Input data ::
....
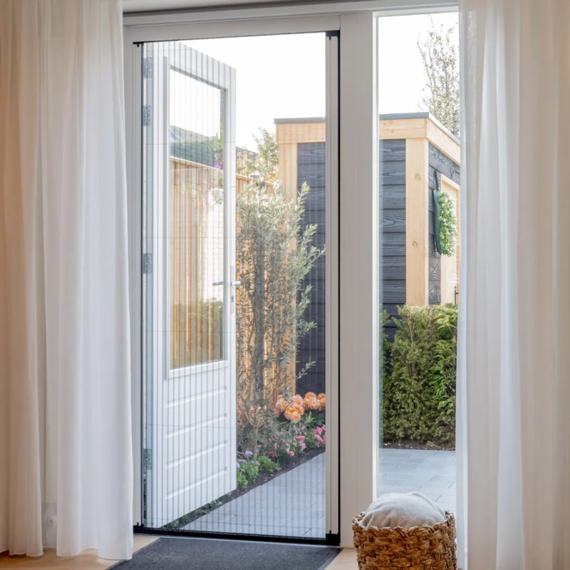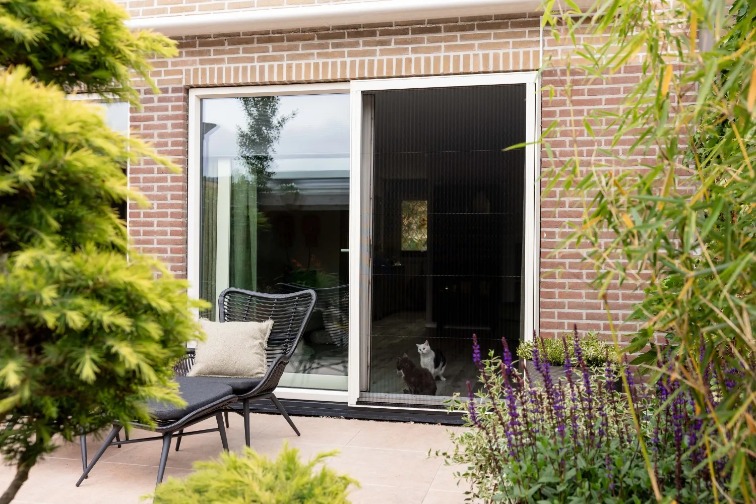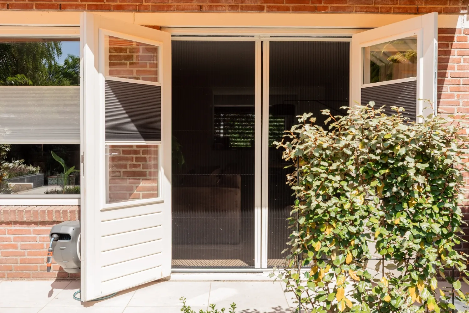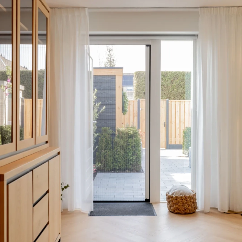 De Originele plisséhordeur maakt het mogelijk om de deuren open te zetten en frisse lucht binnen te laten, zonder dat insecten de woning binnenkomen. Het plissédoek schuift soepel open en dicht en blijft staan waar je hem loslaat. Stijlvol, functioneel en perfect om buiten écht bij binnen te betrekken.
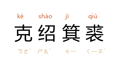 克:能够;绍:继承;箕:畚箕;裘:兽皮袄。会学着先辈人缀补兽皮制皮袄;弯着柳条制畚箕。比喻能继承先辈事业。
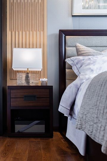 墙面的竹栅装饰,与Wave台灯的波纹水晶,形成前后呼应的立体美,让方正卧室不再沉闷
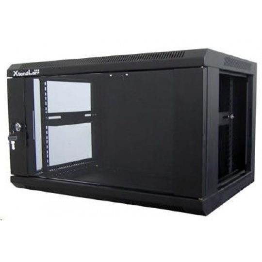 XtendLan 19" nástěnný rozvaděč 6U 600x450, nosnost 60 kg, skleněné kouřové dveře, svařovaný, černý
....
What to work on :: Write the listing out exactly, apart from its pictures.

Result of the exercise ::
 De Originele plisséhordeur maakt het mogelijk om de deuren open te zetten en frisse lucht binnen te laten, zonder dat insecten de woning binnenkomen. Het plissédoek schuift soepel open en dicht en blijft staan waar je hem loslaat. Stijlvol, functioneel en perfect om buiten écht bij binnen te betrekken.
 克:能够;绍:继承;箕:畚箕;裘:兽皮袄。会学着先辈人缀补兽皮制皮袄;弯着柳条制畚箕。比喻能继承先辈事业。
 墙面的竹栅装饰,与Wave台灯的波纹水晶,形成前后呼应的立体美,让方正卧室不再沉闷
 XtendLan 19" nástěnný rozvaděč 6U 600x450, nosnost 60 kg, skleněné kouřové dveře, svařovaný, černý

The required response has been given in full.